Transformers4Rec is a flexible and efficient library for sequential and session-based recommendation, available for both PyTorch and Tensorflow.

730 Jan 09, 2023
Self-Supervised Pillar Motion Learning for Autonomous Driving (CVPR 2021)

Self-Supervised Pillar Motion Learning for Autonomous Driving Chenxu Luo, Xiaodong Yang, Alan Yuille Self-Supervised Pillar Motion Learning for Autono

QCraft 101 Dec 05, 2022
Minimalistic PyTorch training loop

Backbone for PyTorch training loop Will try to keep it minimalistic. pip install back from back import Bone Features Progress bar Checkpoints saving/l

Kashin 4 Jan 16, 2020
A simple, high level, easy-to-use open source Computer Vision library for Python.

ZoomVision : Slicing Aid Detection A simple, high level, easy-to-use open source Computer Vision library for Python.

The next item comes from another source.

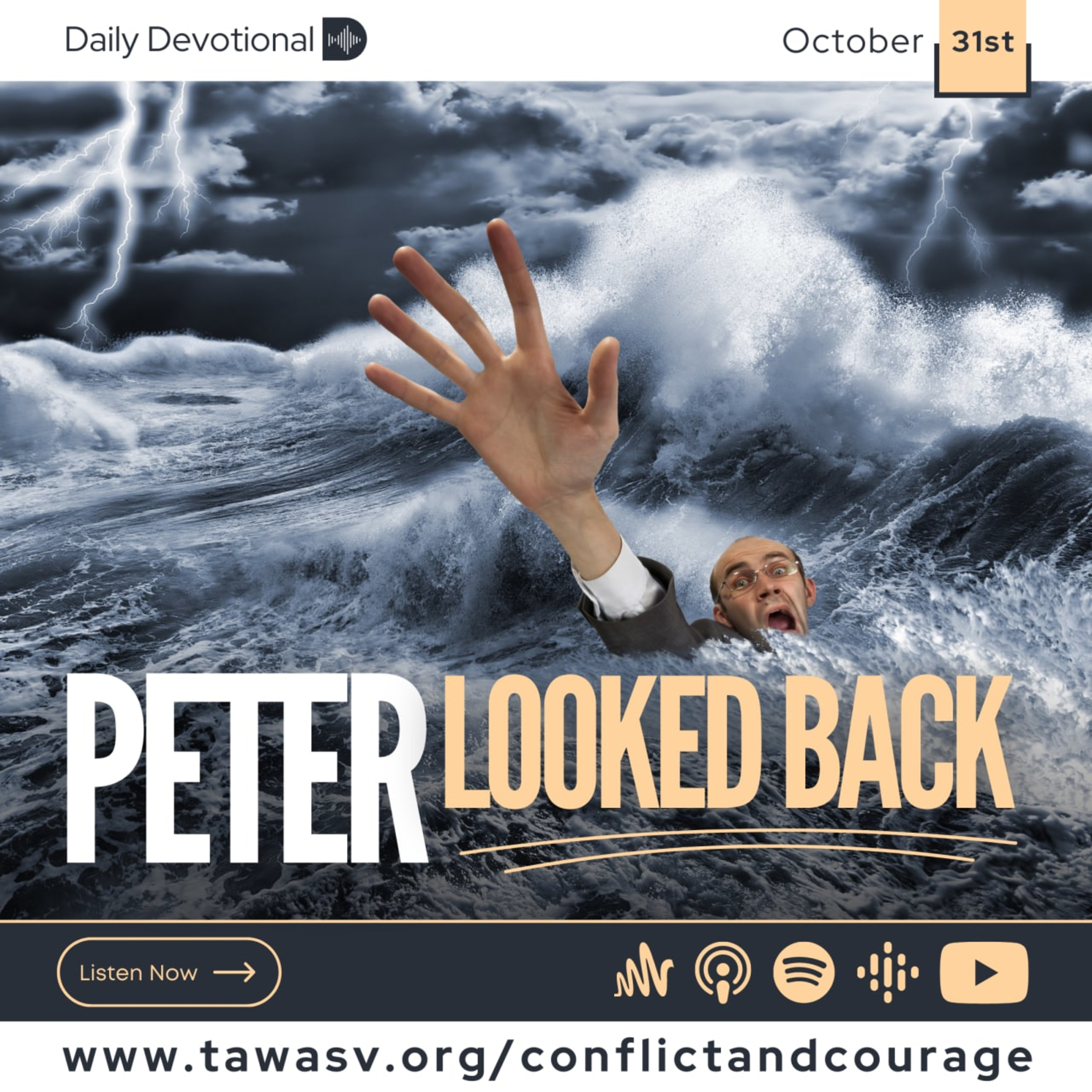 Looking unto Jesus, Peter walks securely; but as in self-satisfaction he glances back toward his companions in the boat, his eyes are turned from the Saviour. The wind is boisterous. The waves roll high. . . . For a moment Christ is hidden from his view, and his faith gives way. He begins to sink. But while the billows talk with death, Peter lifts his eyes from the angry waters, and fixing them upon Jesus, cries, "Lord, save me." Immediately Jesus grasps the outstretched hand, saying, "O thou of little faith, wherefore didst thou doubt?" {CC 310.2}

Installation Installing dependenc

Nurettin Sinanoğlu 2 Mar 04, 2022
An extremely simple, intuitive, hardware-friendly, and well-performing network structure for LiDAR semantic segmentation on 2D range image. IROS21

FIDNet_SemanticKITTI Motivation Implementing complicated network modules with only one or two points improvement on hardware is tedious. So here we pr

YimingZhao 54 Dec 12, 2022
This project provides the code and datasets for 'CapSal: Leveraging Captioning to Boost Semantics for Salient Object Detection', CVPR 2019.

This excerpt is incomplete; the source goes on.